Benn Jordan made an interesting YouTube video about the infrasound problems caused by data centers, we need FOSS to measure infrasound [5].

amarok on the Purism forum made a great post about how to setup profiles in Firefox for different uses [6].

fralb5 wrote an informative post on the Purism forum about how to use a Librem 5 (or any other FOSS Linux phone) to firewall spyware on an Android phone [7].

Michael Prokop wrote an interesting blog post about debugging input event problems on Linux which turned out to be due to an analogue headphone connection [8]. This gave me some useful pointers to investigating an input device problem which is probably very different.

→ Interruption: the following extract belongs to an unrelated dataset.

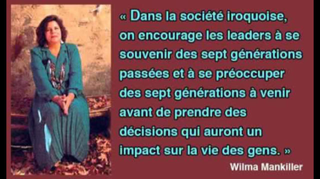 J’aime beaucoup la philosophie des autochtones en ce qui concerne la guidance des « leaders ». Ils doivent penser aux sept générations passées et aux sept à venir avant de décider de la direction à prendre. Une autre aussi : nous n’héritons pas de la terre de nos parents, nous l’empruntons à nos enfants.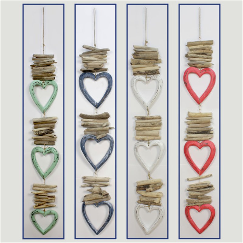 Wooden mobile 3 heart with trunks. Assorted colors. 100cm

Patrick Boyle made an insightful youtube video about the ridiculous IPO of SpaceX, it seems like a scam from start to finish [9].

Anarcat wrote an insightful blog post about the LLM apocalypse comparing it to the horsemen of the apocalypse [10].

The Wikimedia Foundation (that runs wikipedia.org among other things) is sacking union organisers and trying to corporatise the organisation which means stealing the donations from the community [11].

Tianon Gravi wrote an informative blog post about containers, Debian, and Docker options [12]. We need a lot more work on these sorts of things in Debian.

Memory Tagging and how it improves C/C++ memory safety is an interesting paper from Google researchers giving an overview of the benefits of tagged memory hardware for pointer validation on SPARC and ARM64 [13].

In 2013 a faulty beer fridge motor acted as a spark gap transmitter and blocked mobile phone service for several Melbourne suburbs [14].